For-profit corporations infused with their owners’ religion are common. These businesses do no violence to corporate law, which is primarily contractual and facilitative, allowing firms, including those that are closely held, to adopt provisions best suited to their needs. There is no evidence that these businesses generate greater corporate dysfunction than their secular counterparts.

It is true that society treats corporations as legally distinct persons for some purposes, but this is a pragmatic choice rather than a normative judgment that human concerns do not apply to such firms. Corporations are just means by which groups of people pursue common purposes, and acknowledging the exercise of religion by for-profit corporations is by no means a category mistake.

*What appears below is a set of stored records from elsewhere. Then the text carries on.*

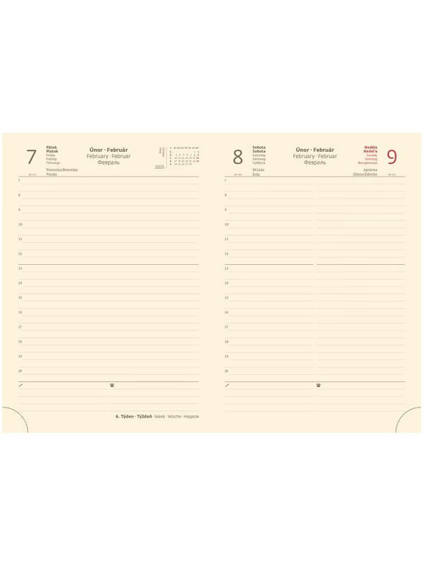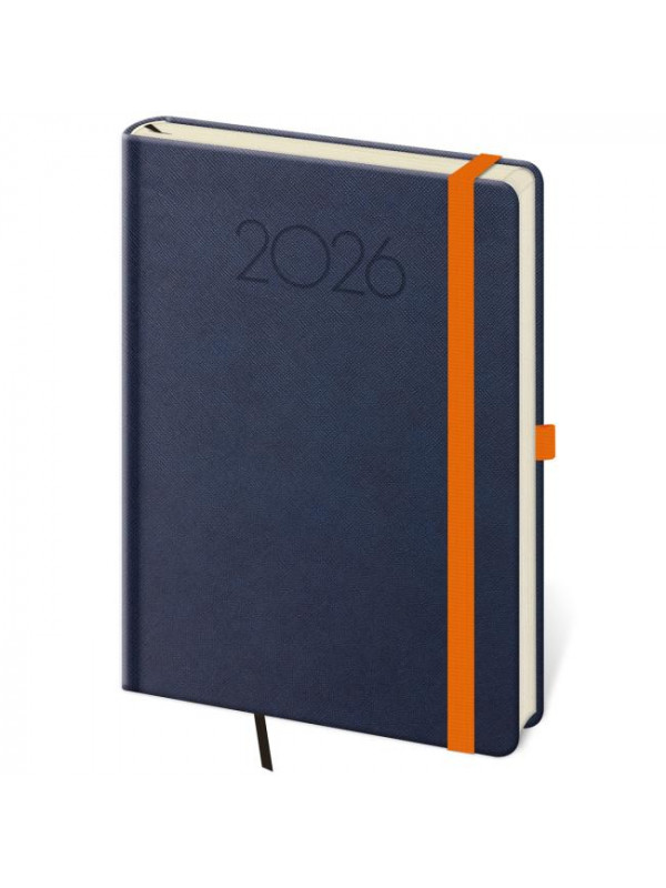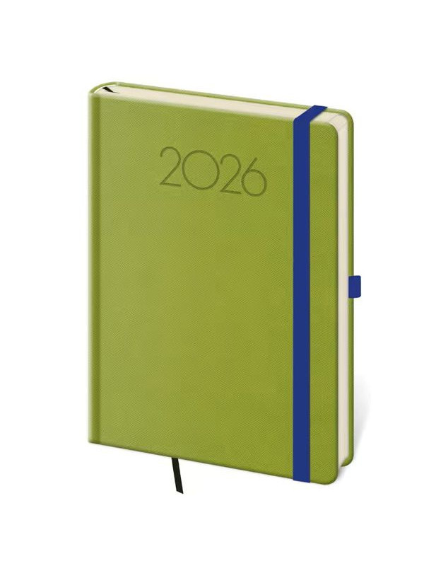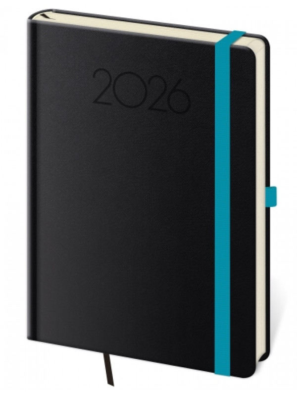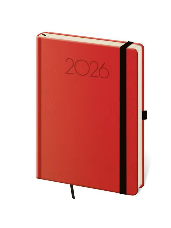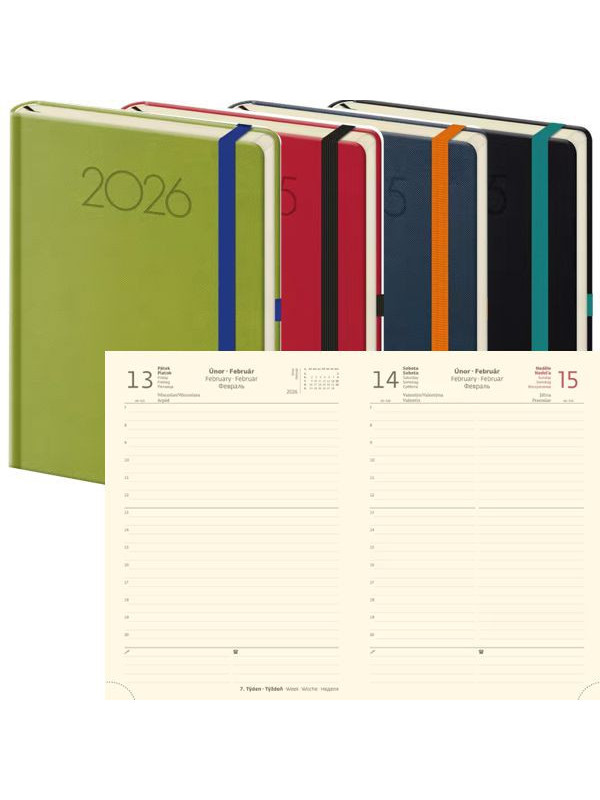 Denné diáre New Praga na rok 2026 so zatváraním gumičkou. Sú vyrobené zo zaujímavej matnej koženky s nepravidelnou štruktúrou, doplnené gumičkou kontrastnej farby. Odporúča sa razba bez fólie. Rozmer: 143 x 205 mm, rozsah: 352 strán. Diár obsahuje: osobné údaje, plánovač dovolenky, plánovací kalendár, medzinárodné telefónne predvoľby, tiesňové volania v európskych štátoch, časové pásma, vzdialenosti miest v ČR a SR, prevodník jednotiek, prevodník konfekčných veľkostí, medzinárodné sviatky, ročný výhľad, denný layout, adresár, mapu Európy, ČR a SR. Farby: čierna, modrá, červená, zelená. Diáre 2026.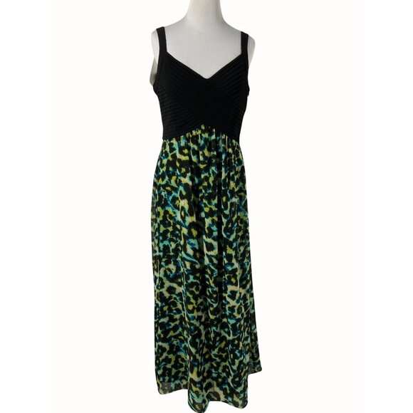 Signature By Robbie Bee Maxi Dress Black Ruched Multicolor Animal Print NEW 12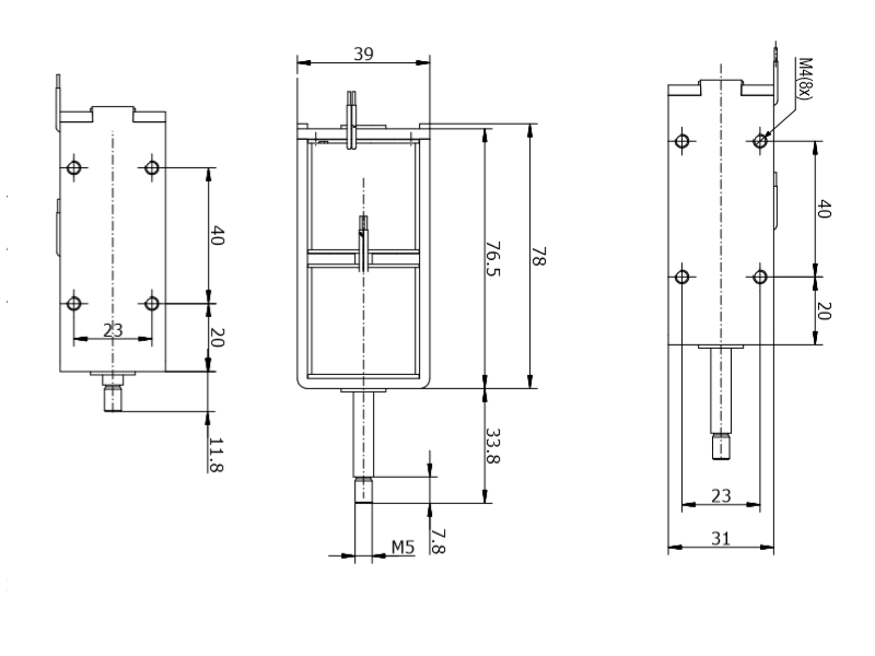 Bistabiler linearmagnet in Rahmenbauweise. Durch die zwei Lagen in denen er stromlos verharren kann ist er ideal für Verriegelungen die keine feste Stromquelle haben.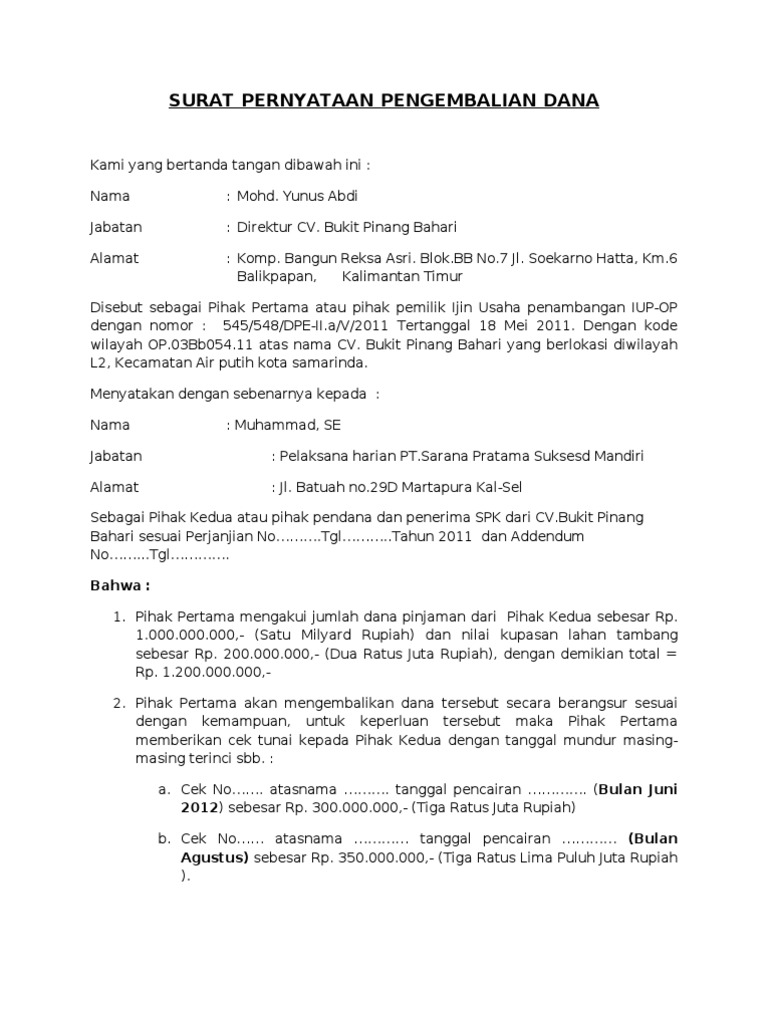 Contoh Surat Pernyataan Pengembalian Dana Kumpulan berbagai macam contoh surat untuk memudahkan kalian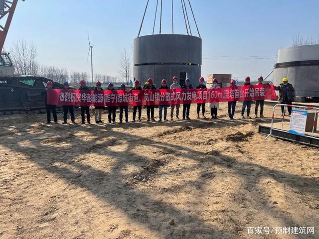 该项目位于江苏省徐州市睢宁县,目前属于国内最高,是首个批量使用160m混塔方案的风电场项目。项目总装机容量33.3MW,拟安装10台单机容量3.3MW的大叶片、低风速风力发电机组。风机轮毂高度160m,塔筒下部混凝土段高101.64米,由34层预制混凝土塔筒组成;塔筒上部钢塔段高55.16m,由过渡段及2节钢塔组成。
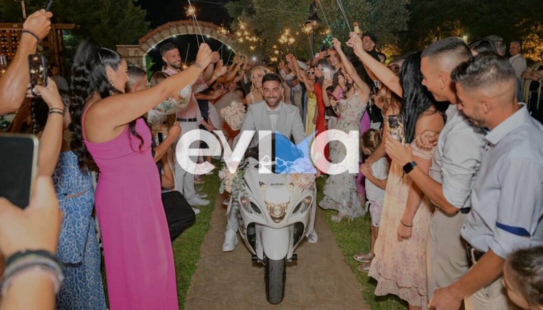 Μία είσοδο διαφορετική από όλες τις άλλες επέλεξε να κάνει ένα νεαρό ζευγάρι στην Εύβοια που, μετά τον γάμο του, κατέφθασε στη δεξίωση με μία μηχανή.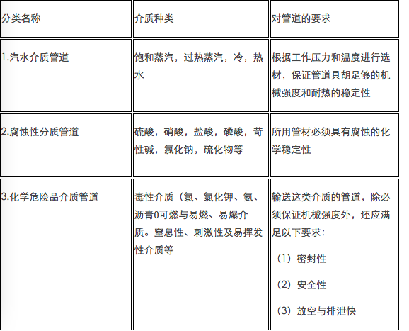 不同性質(zhì)的介質(zhì)對(duì)管道的要求不同,可參見表1-1-9。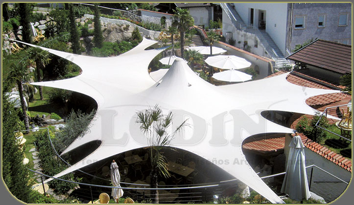 Lonas y Decoraciones Industriales, S.A de C.V. Le ofrece innovación de velíaras Somos expertos en Velarías para negocios, áreas de exposición y jardines actual mente ya contamos con algunos diseños de velarías en alquiler.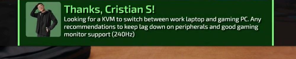 Looking for a KVM to switch between work laptop and gaming PC. Any recommendations to keep lag down on peripherals and good gaming monitor support (240Hz)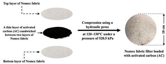 The preparation process of the Nomex/AC filters is illustrated in Figure 2. Different masses of activated carbon (250, 500, 750, and 1000 mg) were evenly distributed between two layers of nonwoven Nomex fabrics, each with a diameter of 10 cm. The sandwich filter was heated for 15 min at a temperature of 120–130 °C and a pressure of 520.5 kPa using a hydraulic press.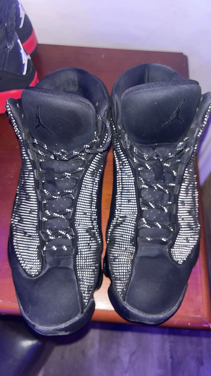 Selling a pair of Jordan 13 Retro sneakers in black. Text me if you wanna see a video of them they reflect HMU for trades or cash offers
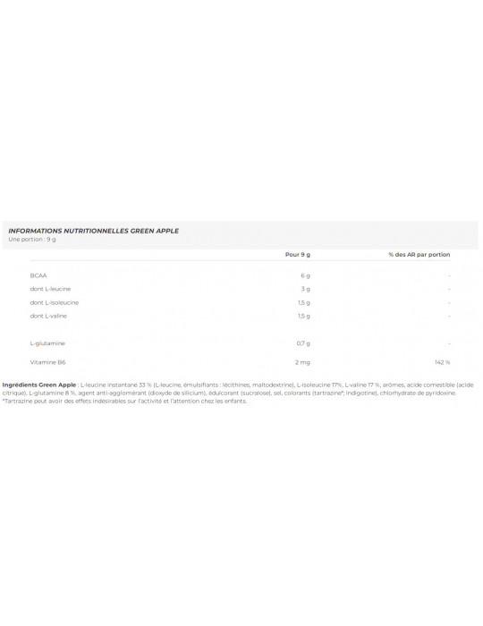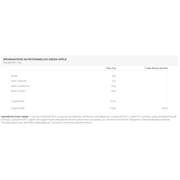 Ingredienti della mela verde: L-leucina istantanea 33% (L-leucina, emulsionanti: lecitina, maltodestrina), L-isoleucina 17%, L-valina 17%, aromi, acido alimentare (acido citrico), L-glutammina 8%, antiagglomerante (biossido di silicio), edulcorante (sucralosio), sale, coloranti (tartrazina*; indigotina), piridossina cloridrato. *La tartrazina può avere effetti negativi sull'attività e l'attenzione dei bambini.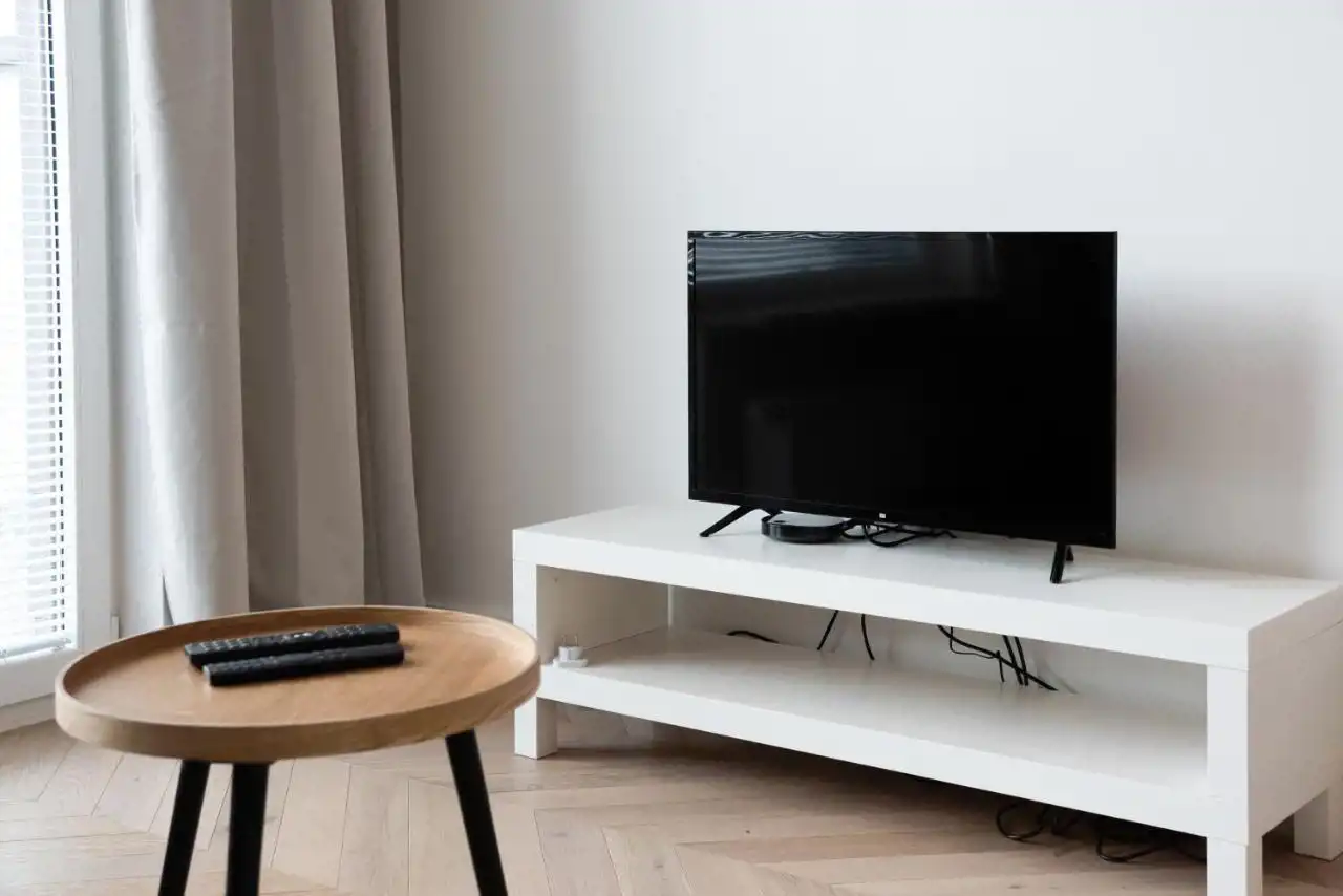 Salon z aneksem kuchennym, wyposażenie AGD (telewizor, płyta , piekarnik zmywarka ), sypialnia (łóżko z nowym materacem), łazienka z prysznicem ( pralka), otwarty przedpokój z szafą w zabudowie.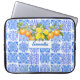 Summer Sicilian blue yellow colourful azulejo Amalfi Mediterranean majolica laptop sleeve. Chic floral botanical citrus garden pattern inspired by the summer bright italian themed art of majolica. Beautiful Sicilian ceramic tiles in pink yellow and blue. A fun style bright design for home decor, clothes, mobile and Ipad cases, invitations and much more. You can change all text colours and fonts, click to customise further underneath the text customisation area this will take you into the design tool. A unique gift for birthdays, holidays and any special occasion. Whether for valentines day, Christmas or as a gift in general it makes a great gift idea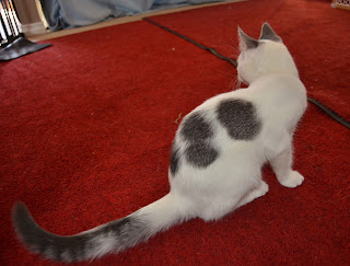 Well, it's happened again. Yesterday Mom came home from work with a new foster. A kitten this time! When will the madness stop? Diesel went back to his foster Mom last night so it is a lot more quiet.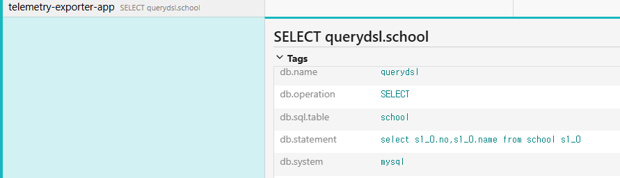 그중 select 처리가 이루어진 span을 확인하면 query도 함께 보이는 것을 볼 수도 있습니다.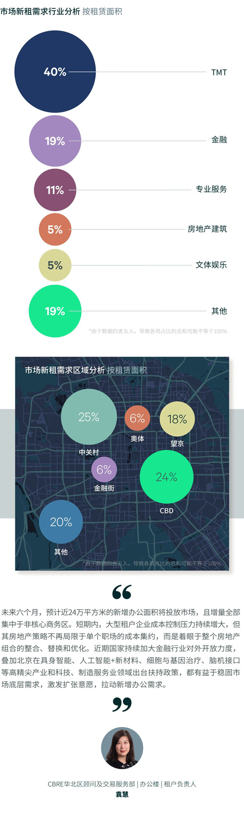 春節(jié)過后,市場(chǎng)情緒有所回暖,問詢量與帶看量逐步攀升。本季度全市新租交易總面積超過2023年和2024年同期水平。搬遷依舊是新租活動(dòng)的主要構(gòu)成部分,占新租交易總面積的近八成。在頭部TMT企業(yè)的帶動(dòng)下,擴(kuò)租需求數(shù)量和面積占比均出現(xiàn)回升。從行業(yè)維度分析,TMT行業(yè)的人工智能、大數(shù)據(jù)和平臺(tái)互聯(lián)網(wǎng)等賽道持續(xù)發(fā)力,占據(jù)新租需求首位,季內(nèi)錄得多筆萬平方米以上的擴(kuò)租及整合升級(jí)的搬遷交易。金融行業(yè)的基金和保險(xiǎn)類租戶呈現(xiàn)小面積擴(kuò)租現(xiàn)象。專業(yè)服務(wù)業(yè)的新租需求位列第三,內(nèi)資律所、咨詢類租戶搬遷或擴(kuò)租需求逐步釋放。房地產(chǎn)板塊的新租需求上升至第四位。

Nor, given that corporations can be formed for “any lawful purpose,” do shareholders violate some social compact by accepting the benefits of the corporate form while pursuing both profits and religious values.

Of course, granting religious exemptions from otherwise applicable laws raises the risk of opportunism and can undermine important governmental policies. These risks are present with natural persons as well, however. RFRA deals with these concerns not by narrowing the definition of “person,” but instead by scrutinizing only those burdens on religious exercise that are substantial and allowing compelling interests to justify such burdens in appropriate cases. Simply put, corporate law provides no reason for excluding for-profit corporations from RFRA.

As I hadn’t noticed it before elsewhere, I’ll also highlight this passage that Meese and Oman quote from the majority opinion in 1978 in Monell v. New York City Dep’t of Social Services:

[B]y 1871, it was well understood that corporations should be treated as natural persons for virtually all purposes of constitutional and statutory analysis.

Guess which retrograde Neanderthal corporate shill wrote that passage? Justice William J. Brennan Jr. (in a part of the majority opinion joined by six other  justices, including Marshall, Blackmun and Stevens).